Solution 2. Thanks to these tips, we can remove 4 bytes:

Sign@Tr[#&@@#(#[[2]]-3#[[3]])&/@#]&
  • Tr is the same as Total for 1-dimensional lists (-3 bytes)
  • a[[1]] is the same as #&@@a (-1 byte).

Note that we now have three anonymous functions stacked within each other like matryoshka dolls!

Solution 1. We encode 'A' as 1 and 'B' as -1.

Sign@Total[#[[1]](#[[2]]-3#[[3]])&/@#]&

The solution converts each list element {a,b,c} into an expression a(b-3c), using an anonymous function. We then calculate the sum (total) of this list and compute its arithmetic sign.

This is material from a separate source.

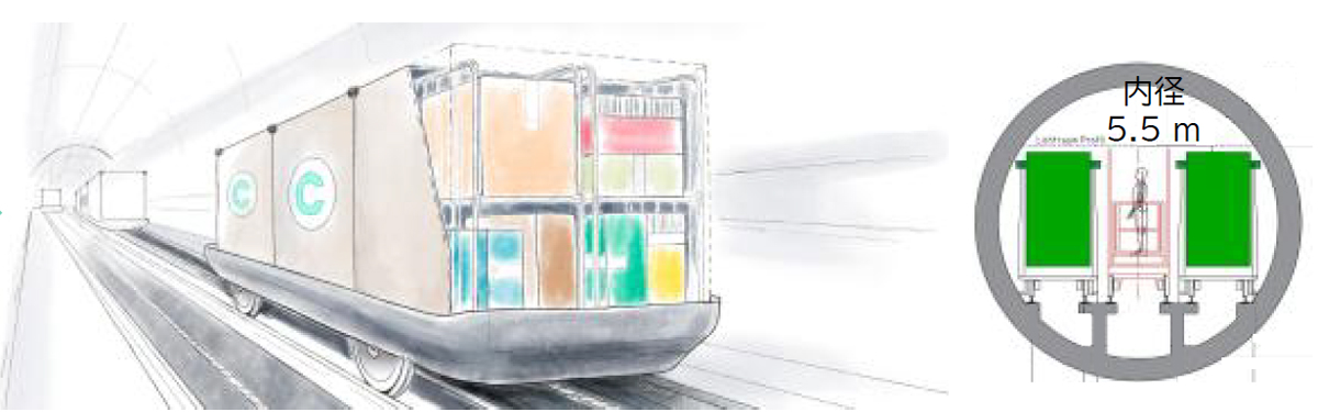 CTSは、既存技術に基づいて地下物流システムを構築し、現在の輸送ルートへの負担を軽減して都市と地域経済を均等に強化することを目指して検討が進められているプロジェクトで、当初は3車線でトンネル内の電源から動力を引き込み自律的に移動するシステムが想定されていたが、輸送効率や保守のしやすさ、火災リスク低減などの観点から、現段階では2車線のケーブルけん引システムが最適であると判断されている。

It returns 1 if 'A' wins, 0 if there is a tie, and -1 if 'B' wins (for obvious reasons).

Some comments about the notation:

  • @ is function application: f[x] is the same as f@x.
  • Sign and Total does what they say on the tin (Total accepts a list argument).
  • # and & define an anonymous function: #+1& is a function that adds 1 to its argument.
  • a[[i]] is the $i$-th element of list a, and list elements are enumerated starting from 1.
  • /@ is Map, which applies a function on the left to list on the right.
  • Finally, Wolfram Language does not require explicit multiplication signs in obvious cases like a(b+c) or 2x.

One final comment: the solution is 39 bytes but 33 glyphs, as Wolfram allows using U+301A〚 and U+301B 〛instead of double brackets.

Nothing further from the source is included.